Many parties agree new transmission is needed to support increased wind and solar integration. Transmission siting, approval and construction are long lead processes, and history indicates changing how we conduct these activities can be drawn out as well. There are measures utilities can focus on now to maintain grid performance as we strain to accommodate a varied and growing resource mix prior to major transmission expansion. The Eastern Interconnection Planning Collaborative (EIPC), composed of transmission planning coordinators responsible for the bulk power grid throughout the Eastern Interconnection, has identified such measures.
EPIC reports that the retirement of legacy synchronous generators with strong transmission ties has decreased grid performance including steady-state thermal loading, voltage stability and transient stability. Utilities in areas with high DER activity and elsewhere are addressing these impacts by taking measures ranging from increased grid monitoring to implementing distribution automation protocols and even systemwide advanced distribution management systems. According to EPIC, utilities in the Eastern Interconnection serving two-thirds of the U.S. and Canada also need to conduct more sophisticated modeling to evaluate: changes in load composition and reserve requirements due to the addition of DERs; the effects of weather on variable resources; and how the changing mix of resources will affect system events. The Act contains over $6 billion for electric grid reliability and resilience research, development, and demonstration, but utilities must deliver reliable and cost-effective service now while that work is underway.

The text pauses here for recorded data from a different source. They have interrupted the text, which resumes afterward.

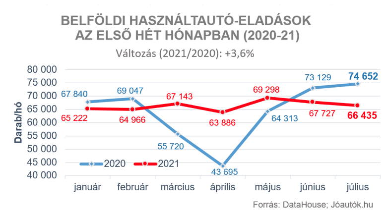 A magyarországi használtautó-piacon leggyakrabban továbbra is Opel személyautók cserélnek gazdát, e márkát követi a Volkswagen és a Suzuki: a három márka részesedése együttesen 31 százalékot tesz ki. Jelentős többségükben idősebb autók adásvétele zajlik a piacon: az idén eddig átírt autók 76 százaléka legalább 10 éves volt. Miközben a használtautó-piacon a 2021 első hét hónapjában gazdát cserélő közel 465 ezer személyautó mennyisége 3,6 százalékkal haladja meg az előző év hasonló időszakában regisztrált 448 ezres értéket, az importált használt autók száma ugyanebben a periódusban 74 400 darab volt, ami 3,7 százalékkal maradt el az egy évvel korábban mért 77 300-as értéktől.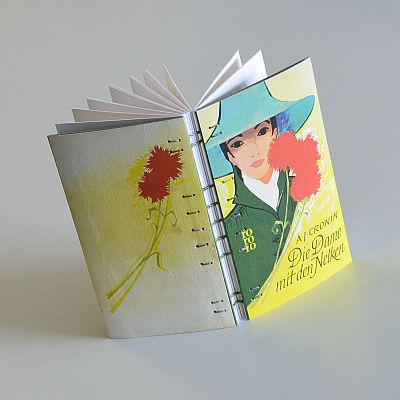 Ein Buch aus der Reihe “Kleine Freunde” im Hochformat ca. 13x16cm mit 72 Seiten griffigem Papier in leichtem Chamoiston. Fadenheftung mit Leinenzwirn. Flexibler Stoffeinband, der Stoff hat einen feinen Golddruck. Vorsatz fliederlila. Unikat.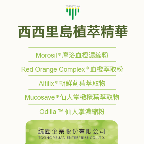 Morosil®摩洛血橙濃縮粉、Red Orange Complex®血橙萃取粉、Altilix®朝鮮薊葉萃取物、Mucosave®仙人掌橄欖葉萃取物、Odilia?仙人掌濃縮粉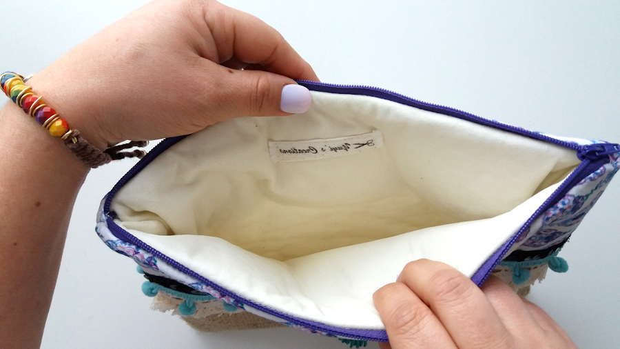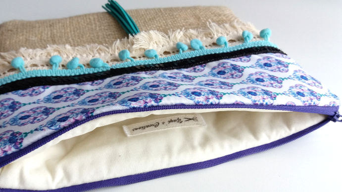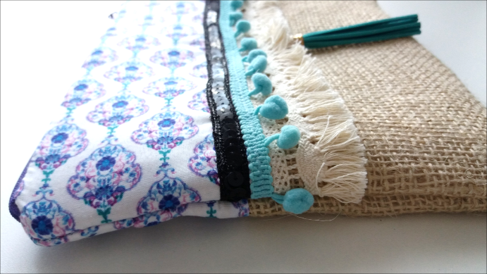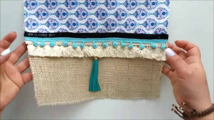 Empezamos decorando la parte exterior, yo sólo lo he hecho en lo que será la cara principal del bolso. Le puse una pieza de tela estampada y los flecos, pompones etc. además de una pequeña borla en medio.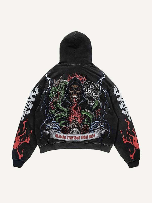 Skeleton&Dragon&Tiger&Letter&Graphic Print Slant Pockets Hoodie

To facilitate new transmission development, the Act gives FERC broader transmission siting authority for new power line build-outs located along national interest transmission corridors. The corridors will be designated by a new Department of Energy Grid Deployment Authority in regions where it deems the public will benefit from additional transmission to relieve congestion and address other factors such as supply requirements. The Act also provides that the DOE can become an anchor tenant in new power lines like the process for justifying new gas transmission pipelines.

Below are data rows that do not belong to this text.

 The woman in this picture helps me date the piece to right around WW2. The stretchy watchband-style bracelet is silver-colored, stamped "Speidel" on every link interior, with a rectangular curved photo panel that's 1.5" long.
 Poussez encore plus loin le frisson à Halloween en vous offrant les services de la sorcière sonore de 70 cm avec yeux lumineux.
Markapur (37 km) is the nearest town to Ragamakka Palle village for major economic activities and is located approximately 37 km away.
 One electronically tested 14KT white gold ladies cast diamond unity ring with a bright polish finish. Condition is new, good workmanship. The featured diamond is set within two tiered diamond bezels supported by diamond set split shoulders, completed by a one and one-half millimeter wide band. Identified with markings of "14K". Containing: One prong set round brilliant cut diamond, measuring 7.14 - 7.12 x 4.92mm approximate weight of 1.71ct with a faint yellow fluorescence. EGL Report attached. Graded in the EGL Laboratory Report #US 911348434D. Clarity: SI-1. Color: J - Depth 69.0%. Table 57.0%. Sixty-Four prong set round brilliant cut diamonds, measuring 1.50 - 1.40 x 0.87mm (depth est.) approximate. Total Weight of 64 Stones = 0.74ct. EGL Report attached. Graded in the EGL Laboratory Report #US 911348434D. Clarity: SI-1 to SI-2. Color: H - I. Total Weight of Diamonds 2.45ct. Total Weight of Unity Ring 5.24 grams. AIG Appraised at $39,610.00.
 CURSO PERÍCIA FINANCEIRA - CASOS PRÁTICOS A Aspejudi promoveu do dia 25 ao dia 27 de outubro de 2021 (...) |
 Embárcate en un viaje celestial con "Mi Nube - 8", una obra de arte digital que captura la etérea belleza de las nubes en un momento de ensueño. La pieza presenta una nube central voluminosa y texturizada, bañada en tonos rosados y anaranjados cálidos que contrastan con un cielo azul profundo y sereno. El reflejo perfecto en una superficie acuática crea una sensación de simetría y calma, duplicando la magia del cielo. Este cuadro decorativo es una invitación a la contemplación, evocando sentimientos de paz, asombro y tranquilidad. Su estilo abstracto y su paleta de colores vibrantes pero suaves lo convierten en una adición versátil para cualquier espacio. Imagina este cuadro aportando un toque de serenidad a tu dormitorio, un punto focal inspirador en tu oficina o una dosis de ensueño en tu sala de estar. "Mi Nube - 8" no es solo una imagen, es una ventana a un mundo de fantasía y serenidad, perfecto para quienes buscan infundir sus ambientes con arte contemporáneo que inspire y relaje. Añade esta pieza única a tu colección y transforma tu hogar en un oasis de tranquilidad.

Aspects of the Act’s transmission siting provisions are reminiscent of FERC Order 1000. That order was passed in 2011 to overhaul transmission planning, cost allocation and competitive bidding for new projects. A cross section of parties were not satisfied with the results of Order 1000, and it is unclear whether sticking points, such as open competitive bidding, cost allocation, property rights, land use, and environmental impacts, will be solved with the new law. What appears inevitable is the collective time frame for awarding grants, conducting research, performing siting proceedings, and authorizing and constructing new transmission, as contemplated by the Act, may be a decade or longer.
This past July, FERC opened a proceeding to investigate how it can overhaul federal transmission policy, creating some hope that shorter term transmission related fixes may be possible. One issue several FERC commissioners sited as ripe for review is the interconnection review process. Many regions have huge backlogs, and a common criticism is a lack of standardized performance requirements for renewable resources with inverter-based control systems. A resolution in this one area could improve the approval process for new projects, and the performance expectations for existing plants, providing some relief during a comprehensive transmission overhaul and expansion.
A major goal of the Act is to increase access to renewable energy, while maintaining the reliability, efficiency, and affordability of electricity. Significant R&D spending and the replacement of depreciated infrastructure with new will challenge the ability of utilities to avoid rate increases. However, there are reasons to expect that long-term electric costs can be controlled. First, reported transmission congestion costs which amount to billions of dollars per year could be significantly reduced with strategic transmission additions. Second, increased competition resulting from more generators on our networks should help lower electricity costs based on experience. Now, regulators, grid operators, utilities, DERs and other stakeholders simply need to work collaboratively to expeditiously achieve the long-term benefits of increased electric infrastructure investment, including maintaining reliable service on an increasingly complex grid and reasonable rates.